Der Professor zog sich unter den Augen des Schutzmanns an, dann wurde er aus dem Hause geführt. Alle Türen standen weit auf, kein Mensch war im Hause, vor der Türe aber lungerten ein paar Gaffer umher, die den Verhafteten neugierig und schadenfroh anstarrten.

Wilbrandt gelangte ganz leidlich zur Polizeiwache, wo der Beamte seinen Gefangenen abgab und Bericht erstattete. Bewohner der Straße hatten ihn darauf aufmerksam gemacht, daß seit einem Tage und einer Nacht die sonst immer verschlossene Haustür weit offen stand. Haus und Straße standen nicht im besten Ruf. Ersteres habe allerdings seit Wochen neue Mieter gehabt, von denen man kaum etwas sah und hörte. Als nun aber das Haus so einladend offenstand, die Räume zu ebener Erde aber sämtlich leer waren (woher die Leute das wußten, war nicht zu ermitteln, da keiner sich dazu bekannte, im Hause gewesen zu sein), hatten die Nachbarn angenommen, daß da was nicht richtig sei und hatten dem Schutzmann Bericht erstattet. Der hatte das Haus gründlich durchsucht und endlich den friedlich im Bett liegenden schlafenden Mann gefunden. Und hier war er denn nun.
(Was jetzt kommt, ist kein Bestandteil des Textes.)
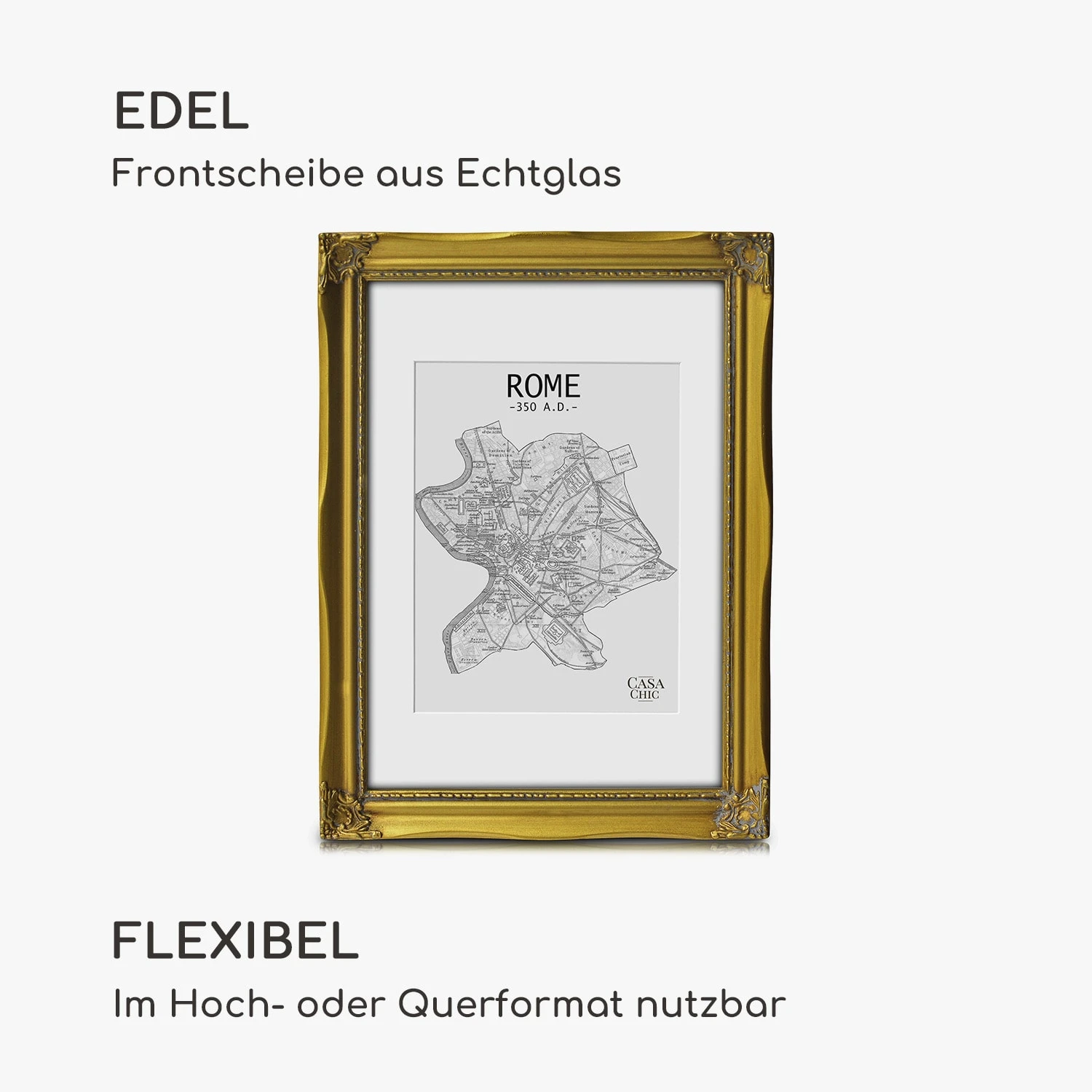 Die Regent Bilderrahmen von Casa Chic by blumfeldt sind aus Echtholz gefertigt und mit Kunstharzornamenten bestückt. Sie bringen deine Fotos und Bilder sowohl im Hoch- als auch im Querformat ideal zur Geltung. Dabei bildet das aufwendig gestaltet Rahmenprofil im Rokoko-Design einen wunderschönen Kontrast zu modernen Einrichtungen. Gestalte Wandcollagen oder arrangiere deine Lieblingsfotos auf dem Sideboard oder im Regal. Das mitgelieferte Passepartout überlässt dir die Wahl des passenden Bildausschnitts. Die Echtglasscheibe schützt nicht nur vor Staub und Schmutz, sie vervollständigt gekonnt den edlen Look der Regent Rahmen.

Worauf das Interesse des Kommissars sich von seinem Untergebenen auf den alten Mann richtete – Herr konnte man schon nicht mehr sagen in Anbetracht seines vernachlässigten Äußeren.
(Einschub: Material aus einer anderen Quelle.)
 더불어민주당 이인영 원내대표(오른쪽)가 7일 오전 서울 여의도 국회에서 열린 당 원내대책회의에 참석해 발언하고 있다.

Wilbrandt machte nun seine Angaben – und als Folge davon begann der Kommissar zu telephonieren. Wilbrandt hörte sich das eine Weile geduldig mit an, dann machte er den Vorschlag, seinerseits einmal ein Gespräch führen zu dürfen. Gewiß – warum nicht! Und der Herr Kommissar staunte nicht wenig, als dieser sonderbare alte Mann ohne weiteres das Ministerium anrief, den Kultusminister verlangte und mit diesem eine freundschaftliche Unterhaltung begann, der der Kommissar, der sich natürlich mit in das Gespräch eingeschaltet hatte, mit wachsendem Erstaunen folgte. Als Wilbrandt schließlich bat, Exzellenz möge irgend jemand herschicken, um ihn zu beglaubigen und der Minister erklärte, er würde sogleich selbst kommen, war dem Beamten aller Spott über die Angaben des verhafteten abhandengekommen. Und der Schutzmann zeigte eine Miene, als fürchte er nunmehr die gewaltigsten Donnerwetter, die je seit Beginn seiner Dienstzeit über ihn herniedergegangen waren. Diese Besorgnisse aber erwiesen sich bald als ganz unbegründet. Professor Wilbrandt war von der Weisheit der Staatsordnung überzeugt und wußte sehr wohl, daß auch einmal ein Unschuldiger in das Getriebe dieses gefährlichen Räderwerks geraten kann. Der Schutzmann wurde mit einem Taler beschenkt und dann hinausgeschickt, was jenen so in Verwirrung versetzte, daß er sich wichtig wie die Hauptperson eines Märchens vorkam. Und als nach zehn Minuten ein Wagen vor der Polizeiwache hielt, dem der Minister eilig und nicht ohne lebhafte Spannung entstieg, fand er drinnen seinen Freund Wilbrandt ernsthaft und sehr friedlich mit dem Kommissar über den Fall sinnend und grübelnd – vor allem über die merkwürdige Frage, was den Chinesen veranlaßt haben könne, das Feld zu räumen und die Mausfalle weit offenstehen zu lassen. Es hatte sich schon die verblüffende Tatsache ergeben, daß Wilbrandt annähernd fünfzig Stunden geschlafen hatte. Mehr als ein ganzer Tag und zwei volle Nächte waren in seinem Leben verflossen, ohne daß er an ihnen irgendeinen Anteil genommen hatte.

Nachdem auch der Minister sich über den rätselhaften Fall weidlich verwundert und dem Kommissar wiederholt strengste Untersuchung anempfohlen hatte (obwohl die Polizei nicht zu seiner Amtsabteilung gehörte), fuhr er Wilbrandt nach Hause, wo dann das Erzählen, verwundern und Kopfschütteln von neuem begann.

Wer aber beschreibt erst des Professors Erstaunen, als er in der untersten Schublade seines Amtszimmers ein wahres Wunderwerk der Waffenkunst fand – den Säbel des Kaisers Tao-kuang!